Six arrested in Spain for $600m London stock fraud

MADRID: Spanish police said on Wednesday they had arrested six people suspected of involvement in fraud totalling 600 million dollars (450 million euros) on the London stock market.

Among the arrested is the suspected organizer of the fraud, which used forged documents and stock market operations to increase the value of shares in a fake company that were then sold at a profit, a police statement said.

"Through complex commercial and stock market operations, as well as falsifications, the arrested managed to make the value of the shares of a firm on the stock market increase, without deposits to back it up, and profited from the subsequent sale of the shares," it said.

The names of those arrested and the fake company were not released by Spanish police.

The arrests come as faith in financial markets around the world have already been seriously rattled by the international credit crunch and the alleged 50-billion-dollar fraud run by veteran US broker Bernard Madoff.

Britain's Serious Fraud Office began investigating the firm in 2005 when it was suspended from trading on the London Stock Exchange's Alternative Investment Market, the police statement said.

The company said it said it had assets worth 219 million euros when it was listed on the stock market in October 2003, police said.

It subsequently announced several financial operations, including a guarantee in the form of an International Certificates of Deposit from a Brazilian bank, "with the aim of generating an increase in the share price of the company," police added.
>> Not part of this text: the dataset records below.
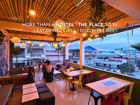 The place hostel & rooftop bar is the original hostel in battambang, geopend in 2017 met een werkelijk uniek ontwerp en gelegen in het centrum van de stad. Het biedt een comfortabele en sociale ervaring, zodat u zich meteen thuis voelt! Onze ruime slaapzalen en kamers met airconditioning zijn voorzi...
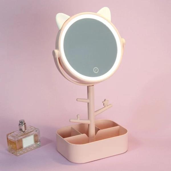 耳 LED 化粧鏡ライトランプ付き収納デスクトップ回転化粧鏡ライト調節可能な調光 USB バニティミラー
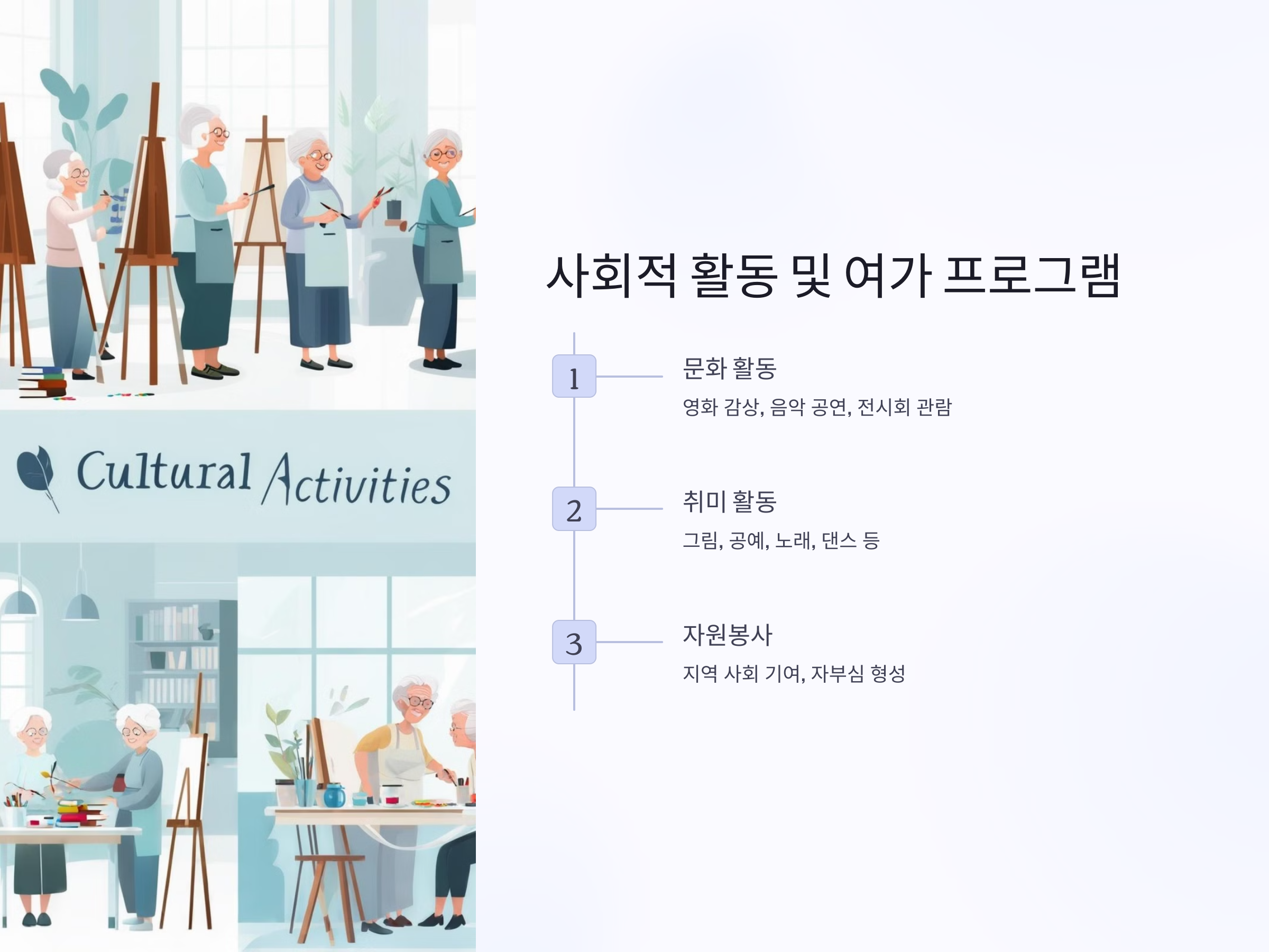 - 여가 활동 프로그램: 영화 감상, 음악 감상, 미술, 공예, 댄스 등 취미 생활을 즐길 수 있는 프로그램입니다.

"The investigation revealed that the listing of the firm on the stock market, as well as the public share listing, was achieved through fraud and various false announcements were made, in specialized media in London, to generate interest in the shares of the company," the police statement said.

"Those announcements were allegedly planned by the main suspects who then sold the shares that they owned or existed in their name," it added.

Four arrests took place in Barcelona and one each occured in Alicante and Madrid, police said.

Police carried out six searches as part of their investigation in which they seized several computers and extensive documentation.